There is no organization in the North American League Championship Series that has experienced as much turmoil and change in 2017 as Team Liquid. A team who started ten different roster combinations, Team Liquid could not find the correct mix to lead them to success.
Prior to the 2017 season, Team Liquid was a staple near the top of the NA LCS, giving birth to the “forever fourth” meme. With success so close, Team Liquid committed to making the necessary roster changes that would push them over the top and finally earn them the coveted place at Worlds they had so often been denied.
Of course, things quickly would fall apart for Team Liquid with their new roster. The addition of former NA LCS MVP Kim “Reignover” Yeu-jin failed to provide a significant impact as the team took a step backwards in the first few weeks of the Spring Split.
Thrown into a panic, Team Liquid would begin experimenting with starting rosters as they slowly fell down the standings into the Promotion Tournament.
In a season that saw Team Liquid escape the Promotion Tournament twice, the disappointment for the organization, players, and fans is evident. As another off-season approaches it is likely that many of the current members will no longer be on the roster as the next season begins.
Keeping this in mind, CLICKON eSports take a look back at all the various iterations of Team Liquid roster in 2017, ranking the various variations in strength:
CLICKON’s 2017 Team Liquid Roster Review
CLICKON eSports ranks each of the five man rosters that Team Liquid utilized during the 2017 season.
As the only Liquid roster that included Youngbin at ADC, this was likely the worst iteration of the season. A converted mid laner, Youngbin's inexperience showed and forced Liquid to quickly look for other options.
Team Liquid elected to use three substitutes for one game in a week four loss to Cloud9. A veteran of the NA LCS, KonKwon never found his rhythm as a starter on Team Liquid as Matt would quickly regain his starting position.
The biggest signing of the NA LCS off-season was likely that of former MVP Reignover. Struggling for most of the season, Reignover never appeared to truly sync up with Slooshi as the starter.
Once considered one of NA's hottest young talents, Inori has cooled off considerably since his arrival to Team Liquid. With Dardoch now on the roster, Inori will likely be demoted to a key piece in a future Academy roster for Team Liquid.

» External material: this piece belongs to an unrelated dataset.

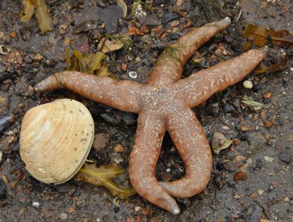 Our afternoon destination was Basket Bay on Chichagof Island. Basket Bay was named by employees of the Alaska Oil and Guano Company in 1900. The Tlingit Indian name “Kook Bay” was published in 1899 by the U.S. Coast and Geodetic Survey. We boarded inflatable boats for tours of the beautiful scenery that includes a limestone arch and grotto, complete with drooping temperate rain forest vegetation all around. Chum salmon were migrating upstream. We learned from our friendly shipboard geologist Al Trujillo that this limestone rock now present in Southeast Alaska was originally formed in shallow, tropical seas thousands of miles away about 300 million years ago. These rocks, which are part of the Alexander Terrane, have subsequently been transported by plate tectonic processes and pushed up against the edge of the continent in what would later become Alaska. A piece of limestone that contained colonial coral fossils was also found.

Slooshi quickly replaced GoldenGlue at the start of the Summer Split, and while his performances were not overly impressive he allowed GoldenGlue time to recover and regain his starting position. A good but not great player, Slooshi's limited ceiling may curb his future prospects in the NA LCS.
Dardoch's return to Team Liquid was anything but smooth, as the team rattled off consecutive losses with the once exiled jungler as the starter. By the end of the Split, Dardoch appears to have regained his footing and could be a key piece in Team Liquid's future.

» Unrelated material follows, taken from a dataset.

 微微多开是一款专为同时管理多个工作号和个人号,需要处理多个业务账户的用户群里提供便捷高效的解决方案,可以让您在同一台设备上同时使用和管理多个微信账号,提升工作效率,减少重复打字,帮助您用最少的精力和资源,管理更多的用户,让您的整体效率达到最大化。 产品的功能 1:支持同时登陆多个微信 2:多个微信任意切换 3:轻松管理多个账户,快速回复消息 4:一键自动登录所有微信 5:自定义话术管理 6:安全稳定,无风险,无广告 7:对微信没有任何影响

It was the roster they began with, and the roster they returned to at the start of the Summer Split. GoldenGlue had his ups and downs throughout the split, yet this was the only lineup to achieve a 2-0 week the entire season.
For one week of the NA LCS, Team Liquid's roster contained four players who had been All-Stars. Despite a stacked starting roster, Team Liquid failed to win a series with the combination of 'Midlet' and a Doublelift-Adrian bot lane.
The roster that saved Team Liquid from relegation in the Spring was charcterized by the strong play and steady leadership of Doublelift. With Piglet in the mid lane, Team Liquid had two legitimate carry threats that had potential as a roster had Doublelift not returned to Team SoloMid.
Team Liquid may have saved their best roster for last with the addition of Mickey to the starting roster. With an agressive laning phase and timely roams, Mickey has not only been a star in his own right, but has also helped to unlock the other members of the team such as Piglet.